- DVD cover
- Directed by: G. Vasanthabalan
- Written by: S. Ramakrishnan (Dialogues)
- Screenplay by: G. Vasanthabalan
- Story by: G. Vasanthabalan
- Produced by: Rajam Balachander Pushpa Kandaswamy
- Starring: Aryan Rajesh Shrutika
- Cinematography: Bharani K. Dharan
- Edited by: V. T. Vijayan
- Music by: Karthik Raja
- Production company: Kavithalayaa Productions
- Release date: 4 October 2002;
- Country: India
- Language: Tamil

= Album (2002 film) =

2002 film by Vasanthabalan

Album is a 2002 Indian Tamil-language romantic drama film written and directed by G. Vasanthabalan, starring newcomer Rajesh and Shrutika. The story portrays the love and affection between two families. The film, produced by Kavithalayaa Productions, was Vasanthabalan's directorial debut and became a box office failure.

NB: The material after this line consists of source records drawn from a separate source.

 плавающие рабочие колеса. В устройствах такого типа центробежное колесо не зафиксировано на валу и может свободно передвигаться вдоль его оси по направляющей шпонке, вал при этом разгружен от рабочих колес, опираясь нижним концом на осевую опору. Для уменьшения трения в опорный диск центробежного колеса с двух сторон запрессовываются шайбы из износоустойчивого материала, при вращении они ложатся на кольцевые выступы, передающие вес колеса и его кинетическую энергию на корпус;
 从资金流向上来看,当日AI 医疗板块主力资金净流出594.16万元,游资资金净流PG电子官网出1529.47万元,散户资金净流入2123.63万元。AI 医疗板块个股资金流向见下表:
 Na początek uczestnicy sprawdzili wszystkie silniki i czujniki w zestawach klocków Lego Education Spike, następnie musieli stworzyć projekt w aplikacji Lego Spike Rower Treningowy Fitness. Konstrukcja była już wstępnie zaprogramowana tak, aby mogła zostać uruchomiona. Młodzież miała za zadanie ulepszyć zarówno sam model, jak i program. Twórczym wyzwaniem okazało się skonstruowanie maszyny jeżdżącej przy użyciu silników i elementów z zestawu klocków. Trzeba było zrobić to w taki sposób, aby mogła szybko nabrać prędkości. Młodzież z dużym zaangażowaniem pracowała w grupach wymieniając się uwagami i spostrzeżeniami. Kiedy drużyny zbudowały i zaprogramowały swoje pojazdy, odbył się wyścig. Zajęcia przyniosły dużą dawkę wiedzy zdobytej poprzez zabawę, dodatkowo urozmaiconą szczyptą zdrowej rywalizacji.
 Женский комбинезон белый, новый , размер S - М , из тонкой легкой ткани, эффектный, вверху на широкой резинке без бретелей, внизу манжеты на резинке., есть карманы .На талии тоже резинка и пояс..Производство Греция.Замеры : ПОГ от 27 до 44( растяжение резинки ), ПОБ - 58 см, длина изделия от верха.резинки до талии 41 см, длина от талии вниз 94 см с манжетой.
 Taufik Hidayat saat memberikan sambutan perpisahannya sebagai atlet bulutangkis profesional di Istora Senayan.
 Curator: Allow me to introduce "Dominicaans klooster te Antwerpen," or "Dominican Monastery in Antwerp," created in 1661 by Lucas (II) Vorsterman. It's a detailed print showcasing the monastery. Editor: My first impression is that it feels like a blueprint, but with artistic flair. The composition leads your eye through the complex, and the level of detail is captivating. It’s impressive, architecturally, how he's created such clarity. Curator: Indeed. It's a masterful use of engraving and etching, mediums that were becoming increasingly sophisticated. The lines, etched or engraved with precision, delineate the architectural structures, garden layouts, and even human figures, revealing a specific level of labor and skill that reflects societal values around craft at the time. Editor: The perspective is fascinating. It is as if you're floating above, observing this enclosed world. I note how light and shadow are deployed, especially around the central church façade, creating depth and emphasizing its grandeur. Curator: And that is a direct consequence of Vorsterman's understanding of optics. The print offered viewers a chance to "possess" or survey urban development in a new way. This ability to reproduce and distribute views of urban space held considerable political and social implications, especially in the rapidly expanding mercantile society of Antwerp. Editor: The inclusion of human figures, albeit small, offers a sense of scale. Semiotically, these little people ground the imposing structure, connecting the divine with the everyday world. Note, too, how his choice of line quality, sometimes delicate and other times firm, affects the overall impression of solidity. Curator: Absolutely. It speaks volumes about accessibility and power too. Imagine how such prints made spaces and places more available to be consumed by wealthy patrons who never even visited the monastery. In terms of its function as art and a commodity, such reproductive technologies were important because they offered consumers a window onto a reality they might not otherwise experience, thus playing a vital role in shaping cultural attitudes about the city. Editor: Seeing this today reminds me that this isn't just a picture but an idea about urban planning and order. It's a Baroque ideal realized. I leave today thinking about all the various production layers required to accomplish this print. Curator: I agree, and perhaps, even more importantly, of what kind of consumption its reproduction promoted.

It is however best known for featuring the popular chartbuster track "Chellame Chellam" from Karthik Raja's soundtrack to the film, which was Shreya Ghoshal's first song in Tamil.

== Plot ==

The film revolves around Jeeva and Viji's families, who are neighbours. Viji falls in love with Jeeva. How they overcome their hurdles and unite forms the story.

== Soundtrack ==
The soundtrack was composed by Karthik Raja. The song "Chellame Chellam" became popular and emerged a chartbuster. It was notably the first Tamil song rendered by Shreya Ghoshal for a Tamil film soundtrack.

Track listing
| No. | Title | Lyrics | Singer(s) | Length |
|---|---|---|---|---|
| 1. | "Thathalikudhey" | Paarthi Bhaskar | Karthik, Sadhana Sargam, Tippu | 5:12 |
| 2. | "Chellame Chellam" | Na. Muthukumar | Hariharan, Shreya Ghoshal | 5:13 |
| 3. | "Kadhal Vanoli" | Na. Muthukumar | Harish Raghavendra, Sujatha | 6:18 |
| 4. | "Muttaikull" | Na. Muthukumar | Bhavatharini, Chorus | 2:03 |
| 5. | "Pillai Thamarai" | Kabilan | Madhu Balakrishnan | 5:18 |
| 6. | "Thaazhampoo" | Na. Muthukumar | Ilaiyaraaja, Sadhana Sargam | 4:47 |
| 7. | "Nilave Nilave" | Thamarai | Tippu, Shankar Mahadevan, Chorus | 5:19 |
| Total length: |  |  |  | 34:10 |

== Critical reception ==
Malathi Rangarajan of The Hindu opined, "Acting to avoid a contrived storyline and melodrama is fine. But then, in a film, something has to keep happening for the tempo to be sustained". Malini Mannath of Chennai Online wrote, "It's a bland affair, where you wait for something to happen. Like, a twist or a turn, or some conflict. And then you keep waiting and waiting, till you realise that there's no more wait since the film has come to an end". Cinesouth wrote, "The crawling pace that the film maintains from the beginning till the very end irritates the viewer. For such a simple story, the screenplay shouldnt have been so simple too. For that very reason, you could say that 'Album' has nothing more to offer except that one song and some realistic scenes".